→ Exercise aim
This exercise calls for an exact copy of the listing, with no pictures kept.

→ Supplied data
Start of Block

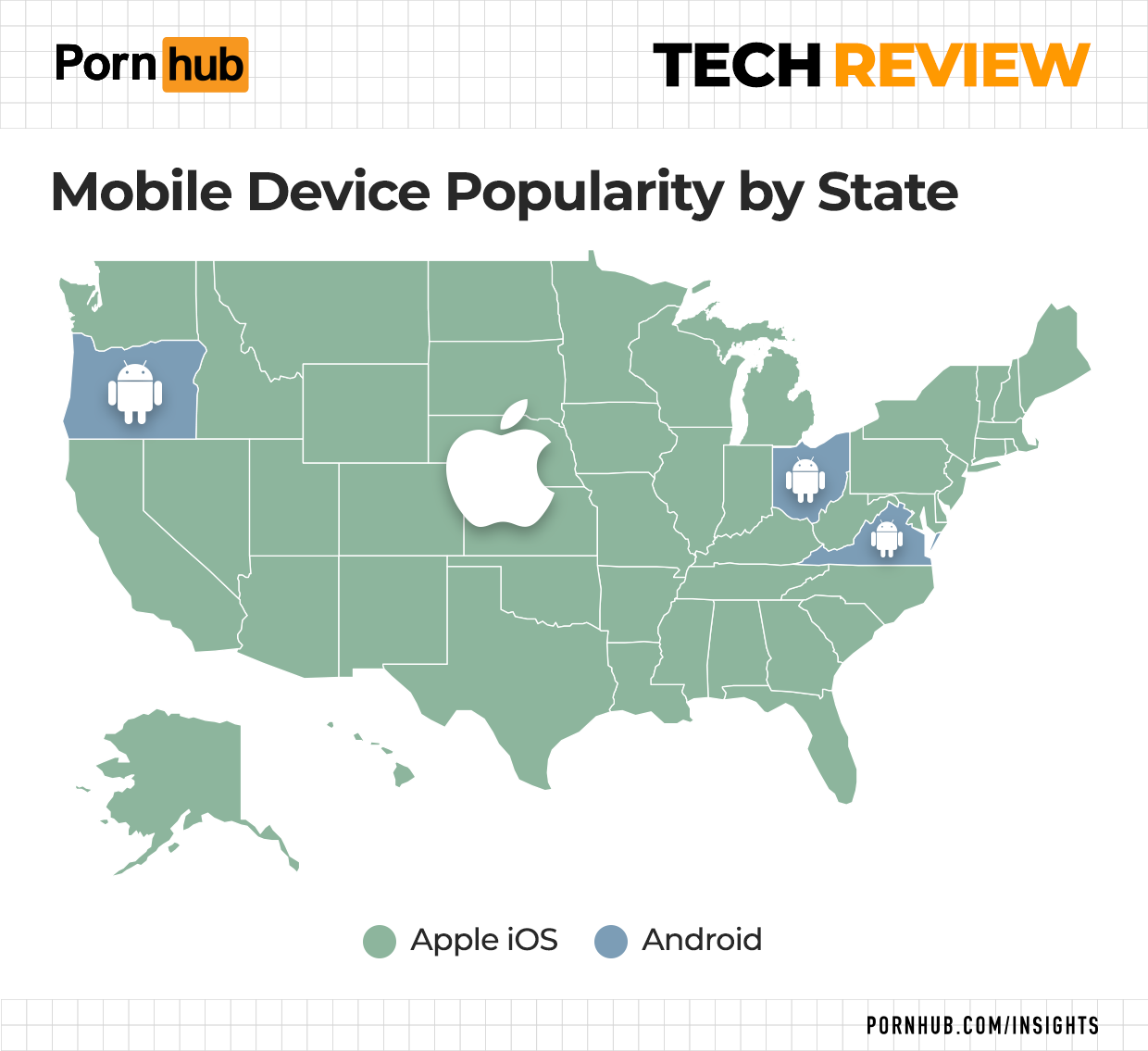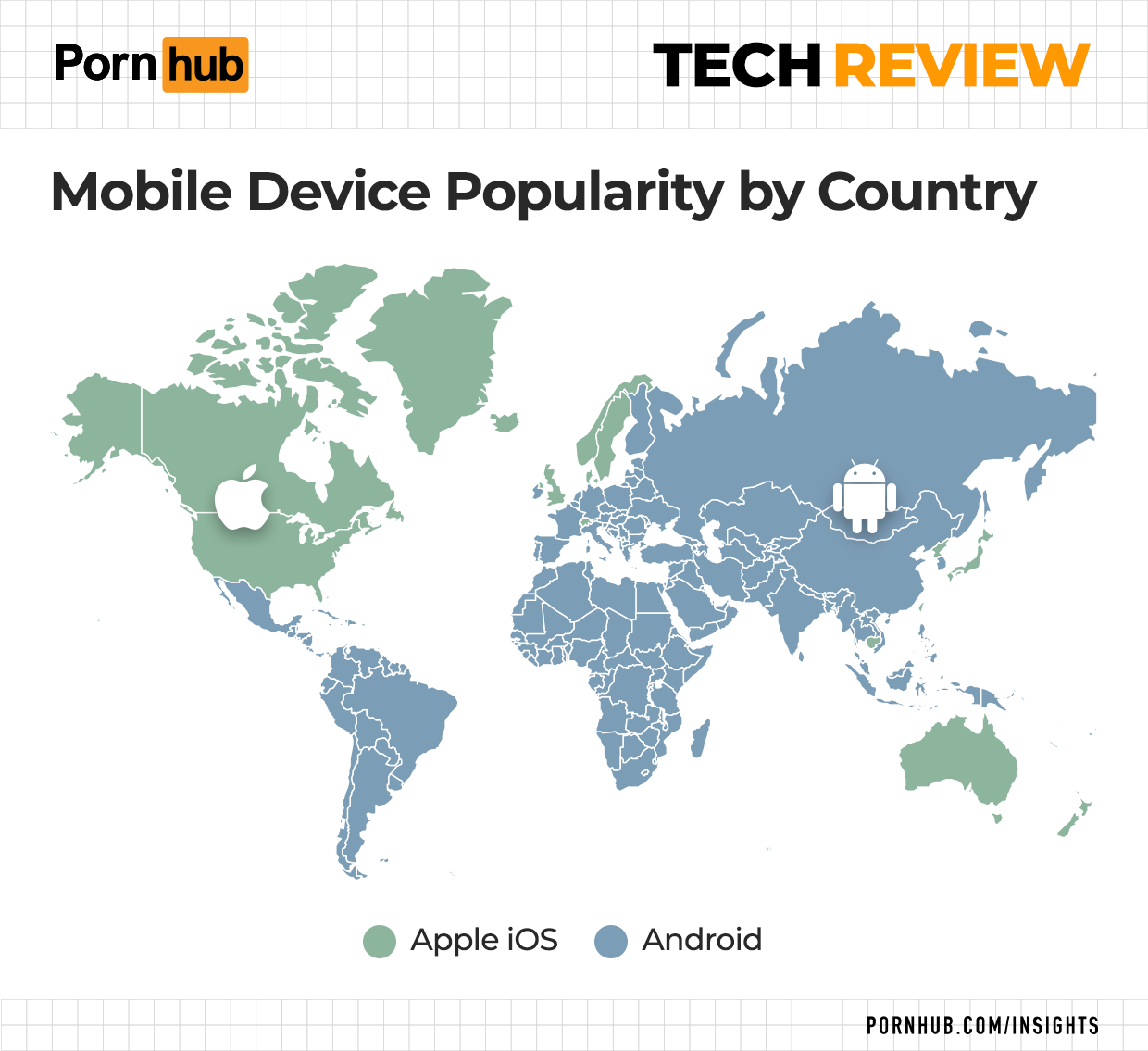 Apple’s iOS is more popular in the Western countries that most frequently visit Pornhub, while Android is used to visit Pornhub throughout much of Europe, Asia, Africa and South America.
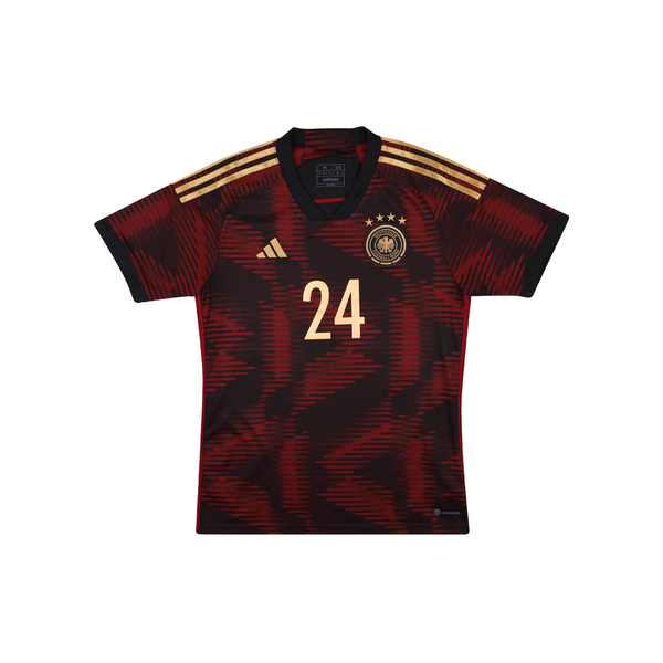 Worn at the 2022 World Cup where Germany crashed out in the group stages, finishing 3rd on goal difference after 1 win, 1 draw and a loss. Both Niclas Füllkrug and Kai Havertz scored twice for Die Mannschaft at the tournament.
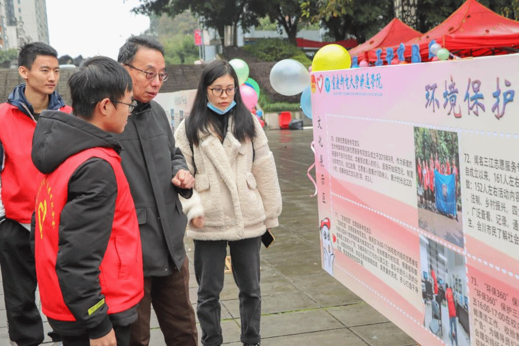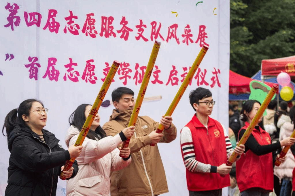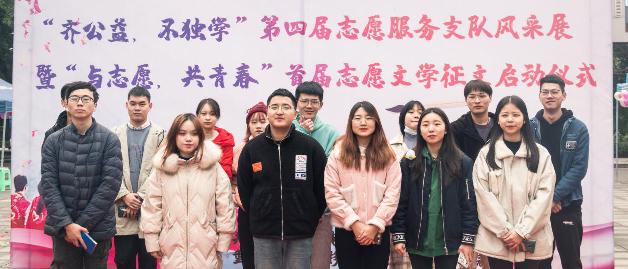 11月25日,由校团委联合创意写作学院主办的“齐公益·不‘独’学”第四届志愿服务支队风采展暨“与志愿·共青春”首届志愿文学征文活动启动仪式在黄桷树广场成功开展。校院两级志愿服务指导老师、各学院志愿者代表、征文活动参与人员代表、各志愿服务支队负责人,共计2000余人参加本次活动。

End of Block

→ Completed task
 Apple’s iOS is more popular in the Western countries that most frequently visit Pornhub, while Android is used to visit Pornhub throughout much of Europe, Asia, Africa and South America.
 Worn at the 2022 World Cup where Germany crashed out in the group stages, finishing 3rd on goal difference after 1 win, 1 draw and a loss. Both Niclas Füllkrug and Kai Havertz scored twice for Die Mannschaft at the tournament.
 11月25日,由校团委联合创意写作学院主办的“齐公益·不‘独’学”第四届志愿服务支队风采展暨“与志愿·共青春”首届志愿文学征文活动启动仪式在黄桷树广场成功开展。校院两级志愿服务指导老师、各学院志愿者代表、征文活动参与人员代表、各志愿服务支队负责人,共计2000余人参加本次活动。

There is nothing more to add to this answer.